The associator functor (C × D) × E ⥤ C × (D × E).

Equations

• CategoryTheory.prod.associator C D E = { obj := fun (X : (C × D) × E) => (X.1.1, X.1.2, X.2), map := fun (x x_1 : (C × D) × E) (f : x ⟶ x_1) => (f.1.1, f.1.2, f.2), map_id := ⋯, map_comp := ⋯ }

@[simp]

theorem CategoryTheory.prod.associator_obj (C : Type u₁) [Category.{v₁, u₁} C] (D : Type u₂) [Category.{v₂, u₂} D] (E : Type u₃) [Category.{v₃, u₃} E] (X : (C × D) × E) : (associator C D E).obj X = (X.1.1, X.1.2, X.2)

@[simp]

theorem CategoryTheory.prod.associator_map (C : Type u₁) [Category.{v₁, u₁} C] (D : Type u₂) [Category.{v₂, u₂} D] (E : Type u₃) [Category.{v₃, u₃} E] (x✝ x✝¹ : (C × D) × E) (f : x✝ ⟶ x✝¹) : (associator C D E).map f = (f.1.1, f.1.2, f.2)

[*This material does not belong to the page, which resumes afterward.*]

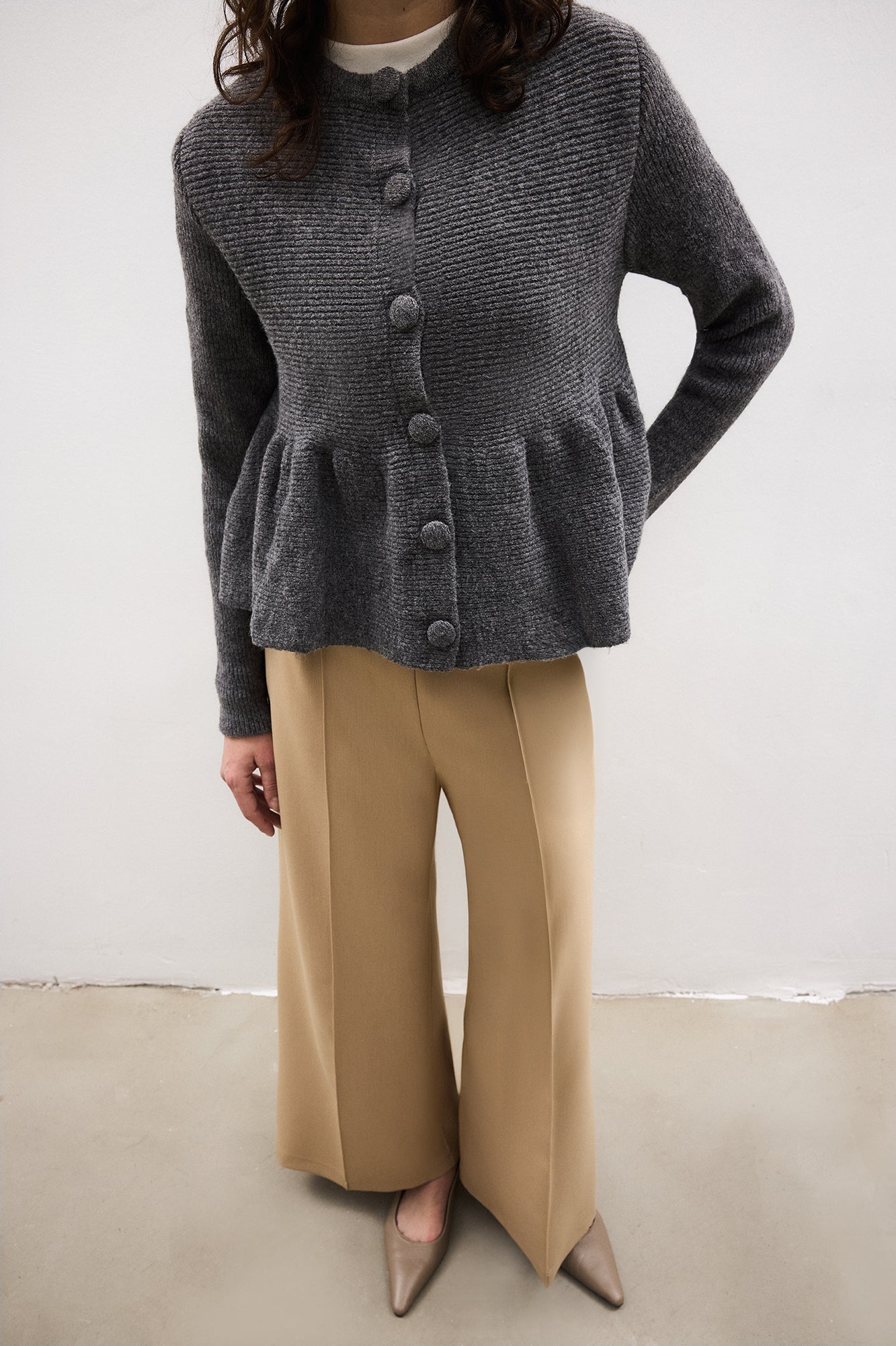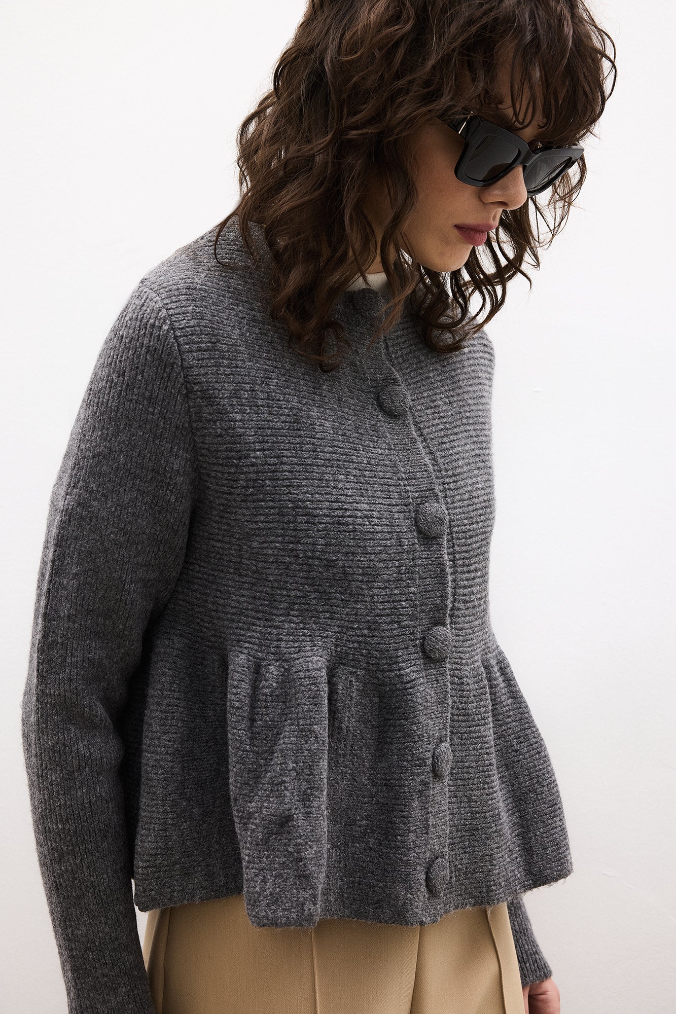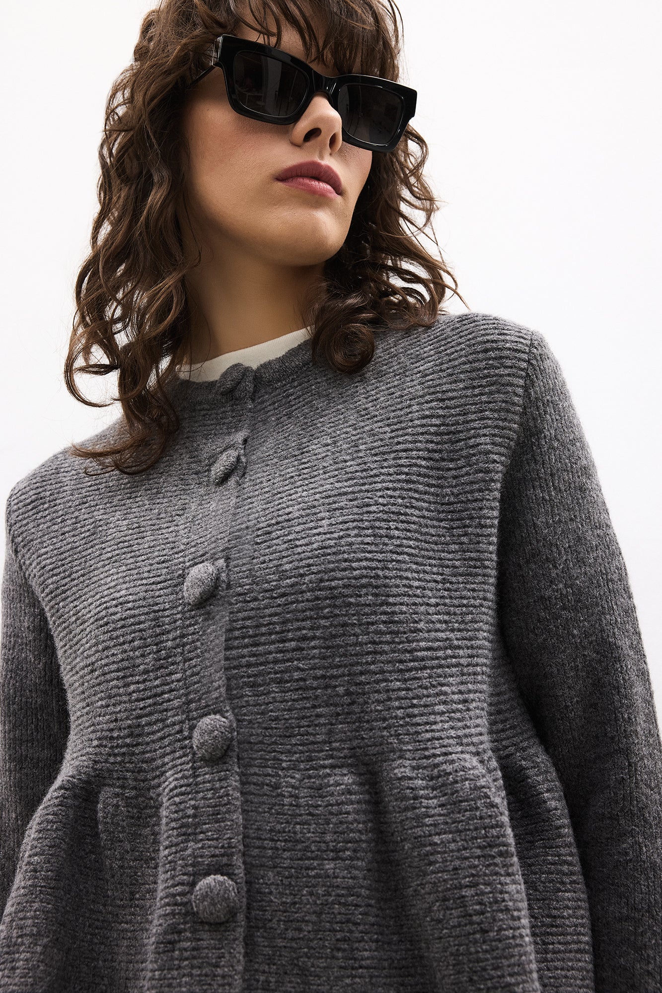 Önü düğme kapamalı. Uzun kollu. Triko.

def CategoryTheory.prod.inverseAssociator (C : Type u₁) [Category.{v₁, u₁} C] (D : Type u₂) [Category.{v₂, u₂} D] (E : Type u₃) [Category.{v₃, u₃} E] : Functor (C × D × E) ((C × D) × E)

The inverse associator functor C × (D × E) ⥤ (C × D) × E .

Equations

• One or more equations did not get rendered due to their size.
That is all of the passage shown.